There was a singular place setting arranged at Navy Medicine Readiness Training Command Bremerton’s 125th Hospital Corps birthday for nine distinctive members of the Navy only enlisted corps.
Hospital Corpsman 2nd Class Cade Crenshaw, behavioral health technician and Hospitalmen Drew Echeverria and Hunter McGill, laboratory technician, positioned a table before the several hundred in attendance for the event.
Hospital Corpsman 1st Class Thomas Aquinas Parker, Hospital Corpsman 2nd Class Michael Louis LaPorte, Hospital Corpsmen 3rd Class Peter Robert Bossman, Manual Reyes Denton, Roy Gillman Fowler, Michael Barry Judd, Malcolm Thomas Miller, John Henry Garner, and Hospitalman Donald Chester Dean were formally – and solemnly – remembered.

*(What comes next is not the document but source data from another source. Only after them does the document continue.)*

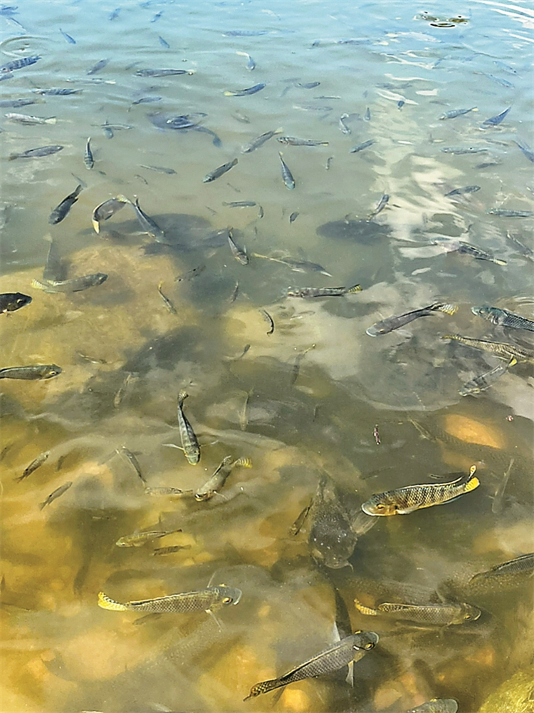 仙湖作為仙湖植物園的核心水域,由梧桐山泉匯流谷底而成,面積約13.8公頃,串聯多個景觀池塘,是園區生態系統的關鍵組成部分。記者沿着仙湖水岸行走觀察時發現,淺水區有成群黃褐色魚類游動,每隔數米便可見到“清道夫”的活動蹤跡,它們穿梭於青草旁、石縫間,體型從10餘厘米至40厘米不等,體態肥碩、布滿黑色斑點,游動時緊貼湖底,遇驚擾便迅速潛入深水區。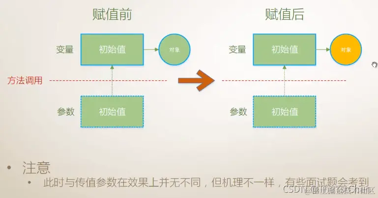与值类型一样,方法都是对所谓的”形参“进行操作,而实参不会受到影响;在方法调用前后(赋值前),引用变量和引用参数的初始值(实参和形参)都指向的是同一个对象(存储着同一对象的地址);在赋值之后(方法内部),由于传进来的(方法调用的)是一个引用类型的值,那么这个引用类型的”形参“被赋值之后会由于赋值号的右边为new操作符的表达式,进而又创建了一个新的对象并且调用对象的实例构造器然后把传进来的值赋给这个对象,而新的引用参数则存储的是新的对象的地址。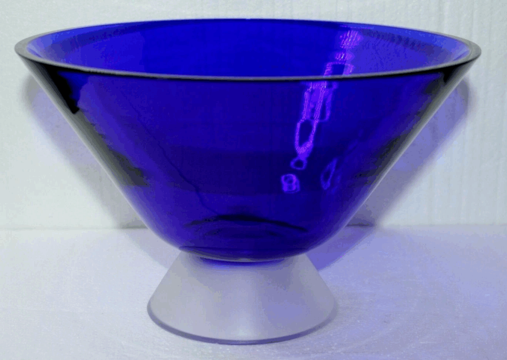 The Cobalt Blue American footed fruit bowl was first introduced in the 1930s, capturing the essence of the Depression era with its bold color and elegant design. Known for its thick glass and sturdy construction, this bowl was both practical and decorative in mid-century homes. Its footed design set it apart, giving it a refined, elevated look that made it a favorite for special occasions. As a result, this piece continues to be highly sought after by collectors. Depending on its condition, the current market value for an American footed fruit bowl can range from $100 to $200.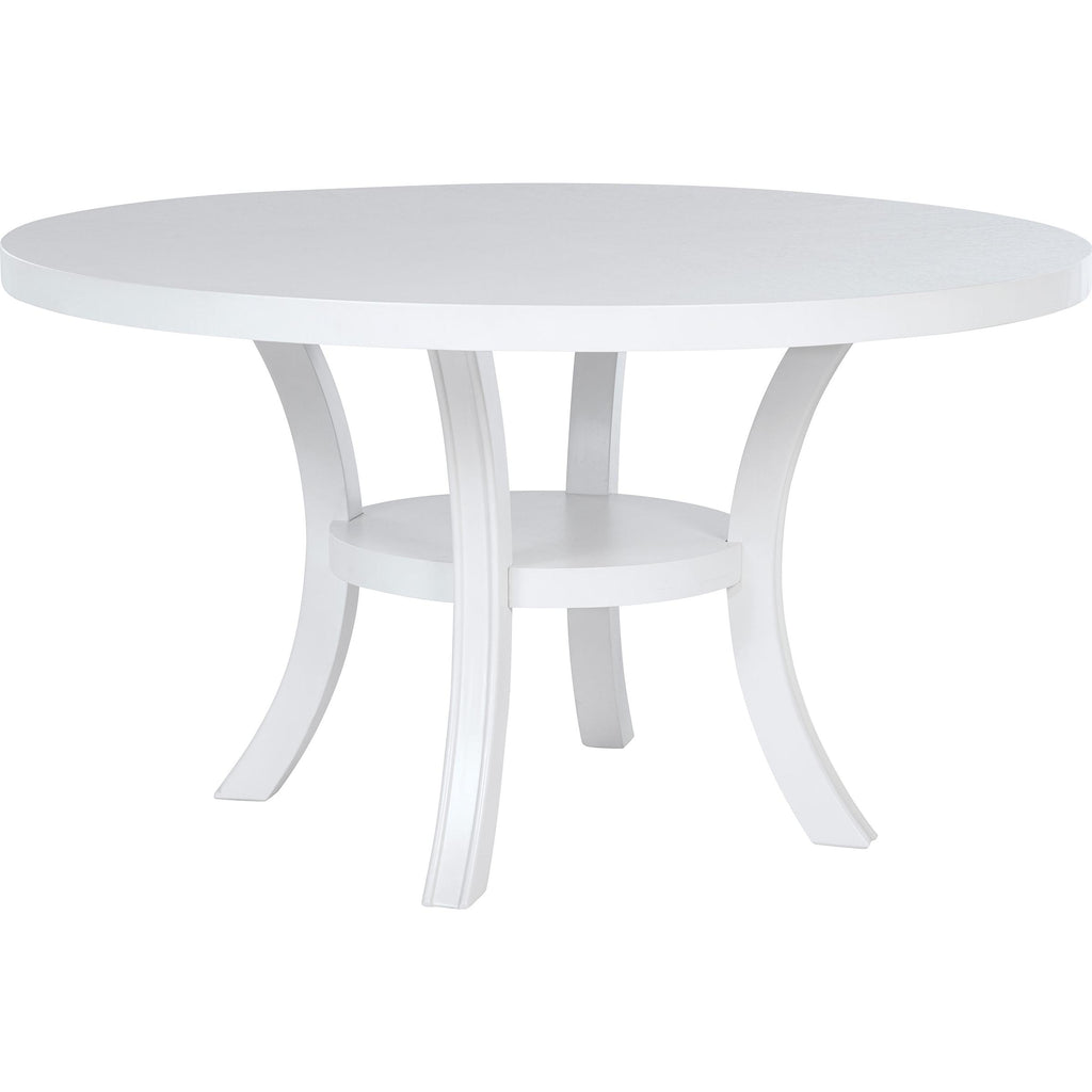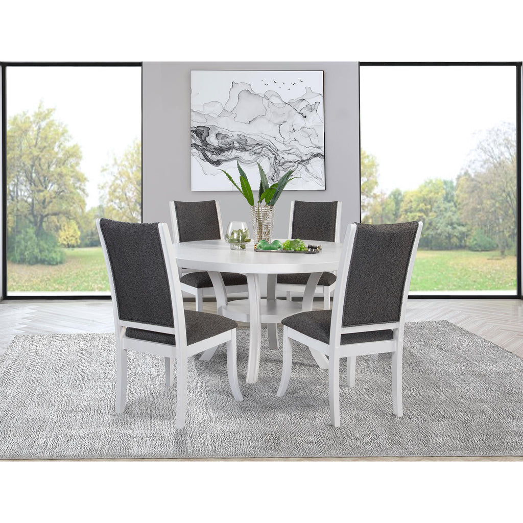 Embrace a modern minimalist presentation with this contemporary dining set. It centers on a roomy round dining table that seats four to six, with flared legs and a round shelf that adds stability and decorative potential. The set adds side chairs, each with a tall, structured silhouette and dark grey upholstery over plush foam cushions. A pearl white finish is clean and fresh, offering plenty of contrast against the grey. The set instills a clean, precise aesthetic, perfect for minimalist or maximalist decor themes. This set includes one dining table and four chairs.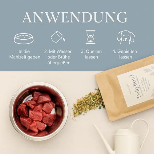 DailyBowl von Pepper’s Manufaktur- Barf- Topping & Ergänzungsfutter für Hunde, Getreide- & glutenfrei, natürliche Kräuter- Obst- & Gemüsemischung für eine ausgewogene Rohfleischfütterung (500g)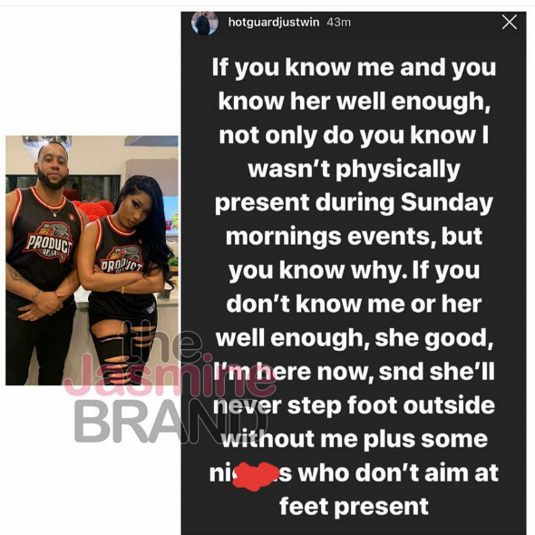 If you know me and you know her well enough, not only do you know I wasn’t physically present during Sunday mornings events, but you know why. If you don’t know me or her well enough, she good, I’m here now, and she’ll never step foot outside without me plus some n****s who don’t aim at feet present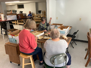 We met at the Shop on Wood Ave today for the third time. Work continues on the facility. Today Rick added plug-ins to three workbenches. Grant brought in two 5" long tables and 8 metal folding chairs. Rick removed linoleum from the former bathroom. Jerry brought in 4 plastic folding chairs. Dennis brought in a 6' long formica countertop. We put table risers on a plastic work table. We refined our wheel install area by moving a few tables around for more efficient work flow.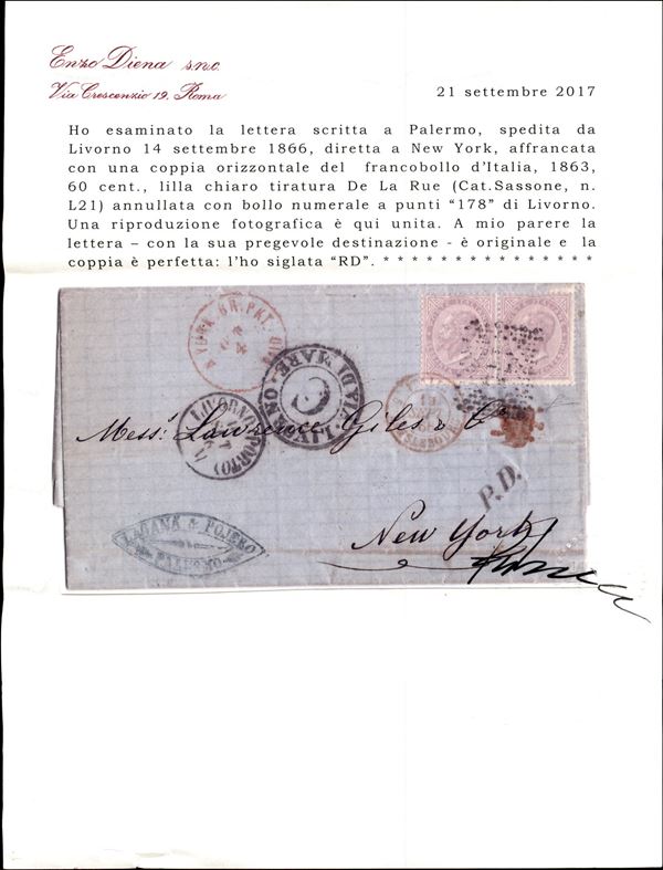 Livorno Via di Mare C - lettera affrancata con coppia del 60 cent (L21) scritta a Palermo e spedita a Livorno per New York del 14.9.66 - cert. Diena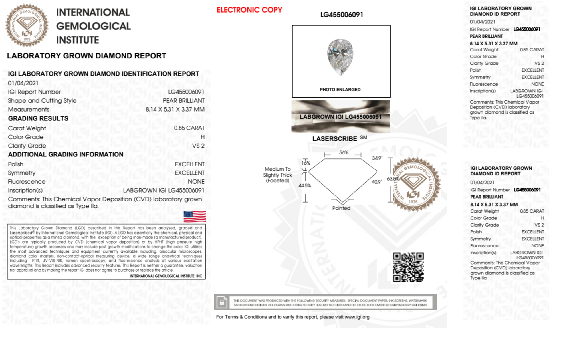 Your 0.85 carat Pear lab diamond is graded H color (Near Colorless), and you can read more about H color diamonds here.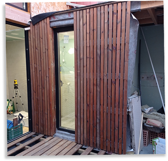 Además, construimos una valla en el límite con el vial, integrando armarios para contadores y acometidas, así como un tramo de escaleras para salvar el desnivel inicial.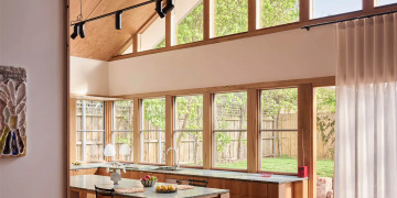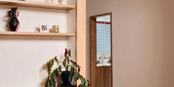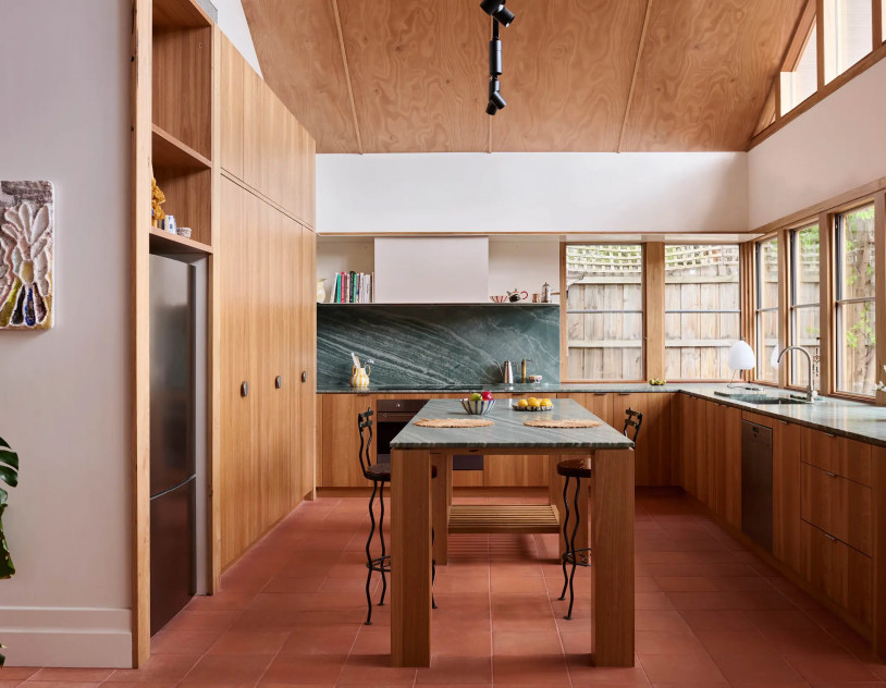 The open-plan living and kitchen foster a natural flow, bathed in soft, golden light that pours through expansive windows. Terracotta floors, bagged-out brick walls, and handcrafted details create a tactile richness, while vintage furnishings and muted tones add a sense of timeless ease. Every surface tells a story, from the raw, imperfect beauty of the walls to the way sunlight dances across the space, shifting throughout the day.

All are primarily listed as either missing in action or killed in action, with body not recovered, during the Vietnam War. They are part of the 1,582 Americans still unaccounted for, as of May 24, 2023, according to the Defense POW/MIA Accounting Agency.
As tradition dictates at all military functions where meals are served, POW/MIA servicemembers are not only remembered, but honored.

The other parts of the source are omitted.